After applying this, I ran again and am now getting:
MS Name/IP address Stratum Poll Reach LastRx Last sample
===============================================================================
#x GPS 0 4 377 16 +587us[ +587us] +/- 100ms
#x PPS 0 4 160 82 -128ms[ -128ms] +/- 759ns
The #x suggests that “time may be in error.” However I am still seeing gpsd work (monitored via cgps) and the PPS device still appears to be working (according to ppstest).

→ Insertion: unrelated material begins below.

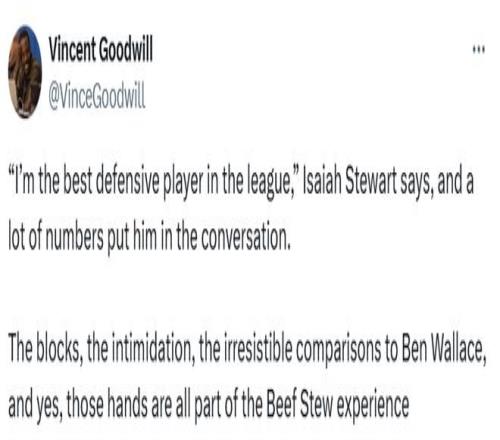 北京時間2月28日,活塞內線以賽亞-斯圖爾特認為,自己已經坐穩了NBA頂級防守球員的位置,同時也幫助球隊拿到了聯盟第一的戰績。“我就是聯盟裏最好的防守球員。”斯圖爾特在接受ESPN記者古德維爾采訪時說道。在不少人眼中,他就是活塞新一代的大本。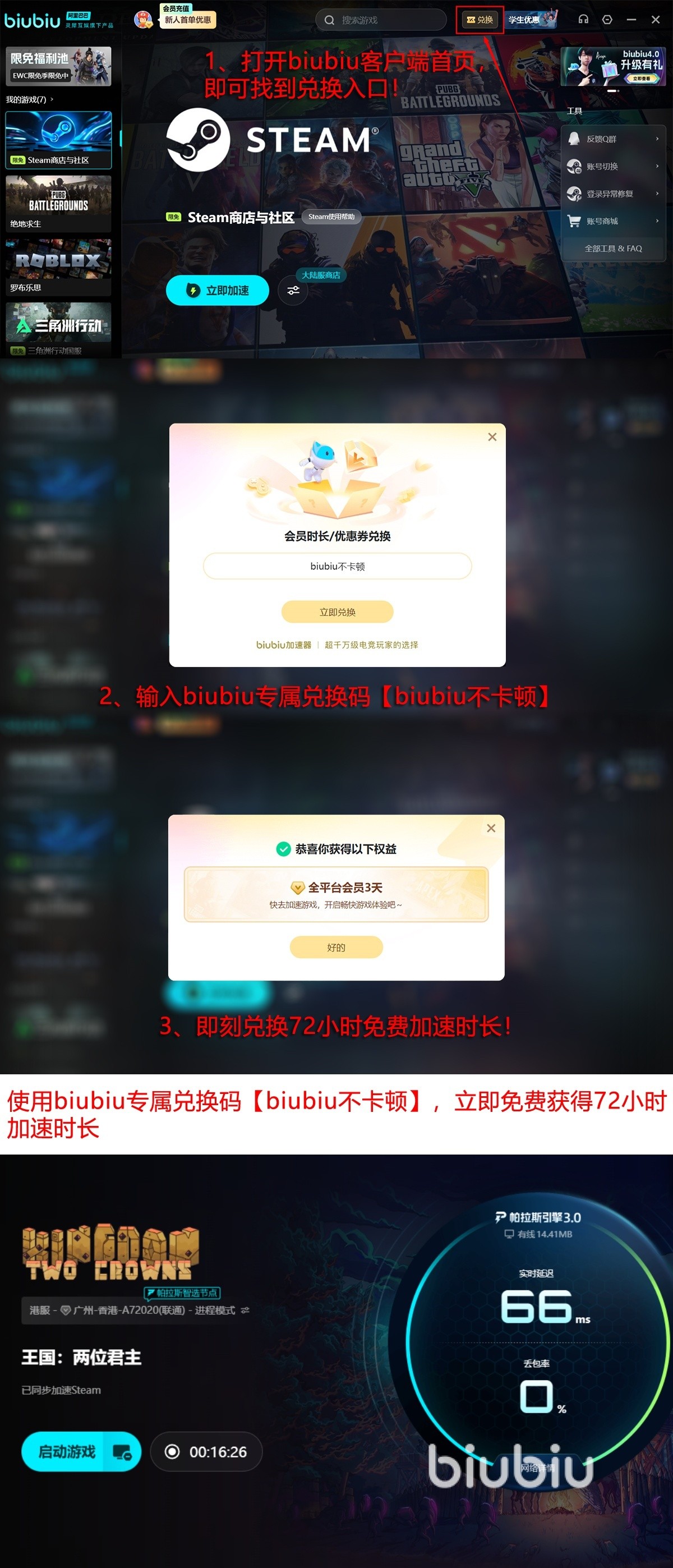 另外biubiu还拥有很多的福利等待大家领取,新用户可以在注册之后获取24小时的免费加速时长,如果大家觉得24小时过短的话,还可以同步输入兑换口令【biubiu不卡顿】再额外领取3天的免费加速机会。将两个时长全部领取之后,玩家们就能拥有免费96小时体验时长体验机会,让玩家们零门槛的去感受这个平台的加速效果。

Furthermore timedatectl suggests that the system clock is not synchronized:
$ timedatectl status
Local time: Tue 2020-09-15 18:34:48 UTC
Universal time: Tue 2020-09-15 18:34:48 UTC
RTC time: n/a
Time zone: Etc/UTC (UTC, +0000)
System clock synchronized: no
systemd-timesyncd.service active: yes
RTC in local TZ: no
What appears to be the problem?
Ryan
> On Sep 15, 2020, at 12:47 PM, Bill Unruh <unruh@xxxxxxxxxxxxxx> wrote:
>
>
>
> William G. Unruh __| Canadian Institute for|____ Tel: +1(604)822-3273
> Physics&Astronomy _|___ Advanced Research _|____ Fax: +1(604)822-5324
> UBC, Vancouver,BC _|_ Program in Cosmology |____ unruh@xxxxxxxxxxxxxx
> Canada V6T 1Z1 ____|____ and Gravity ______|_ https://nam02.safelinks..protection.outlook.com/?url="">
>
> On Tue, 15 Sep 2020, Ryan Govostes wrote:
>
>> Hi all,
>>
>> I am setting up chronyd on an embedded Linux device to synchronize the system clock using a GPS module. The GPS device sends NMEA strings over the character device /dev/ttyAMA1 and I have also configured /dev/pps0, both of which appear to be working OK.
>>
>> The system is running Ubuntu 18.04 and the latest package versions are chronyd 3.2 and gpsd 3.17.
>>
>> I configured gpsd to listen to the serial device and then added these lines to my chrony.conf:
>>
>> refclock SHM 0 refid GPS precision 1e-1 offset 0.9999 delay 0.2
>
> Why those figures for ooffset? That is 1 sec offset. NMEA is not that bad.
>
>
>> refclock PPS /dev/pps0 refid PPS
>>
>> When I run `chronyc sources` they both seem to be kind of working:
>>
>> 210 Number of sources = 2
>> MS Name/IP address Stratum Poll Reach LastRx Last sample
>> ===============================================================================
>> #- GPS 0 4 377 12 +128ms[ +128ms] +/- 200ms
>> #* PPS 0 4 377 12 +6ns[ +119ns] +/- 203ns
>>
>> However it looks like the GPS source is “not combined”. Is this a degraded state, e.g., it is using one of these two sources?
>
> Why would one want to combine GPS with PPS. PPS is good to the nanosecond
> level. GPS toabut 100 ms -- that is almost a million times worse.. It would be like combining your wristwatch with some clock which says "its
> spring so it must be April".
>
>>
>> Also, I am not sure why the LastRx from the PPS (or frankly either) ticks upwards so long—shouldn’t it constantly be receiving updates?
>
> Yout tell it that POLL is 4 which means 16 seconds. So every 16 seconds that
> clock is read. The driver massages the input ( once a second) to get rid of
> obvious outliers but reports to chrony once every 16 seconds. Note it is a bad
> idea to reduce the poll even further. Then obvious ouliers are not thrown out,
> and the ability to determine the rate of the clock is degraded.
>
>>
>> I am just using the precision / offset / delay figures that several examples use. Is there documentation on calibrating these values?
>
> Get rid of the offset and delay. The GPS is useless except for setting actual
> number of the seconds.
>
>>
>> Finally, I read that using Unix sockets rather that shared memory is preferable, but my chronyd does not seem to create those sockets.
>
> Why is it better? Leave things as they are. With PPS your time will be
> accurate to microseconds just as things are now. Do you need any better time?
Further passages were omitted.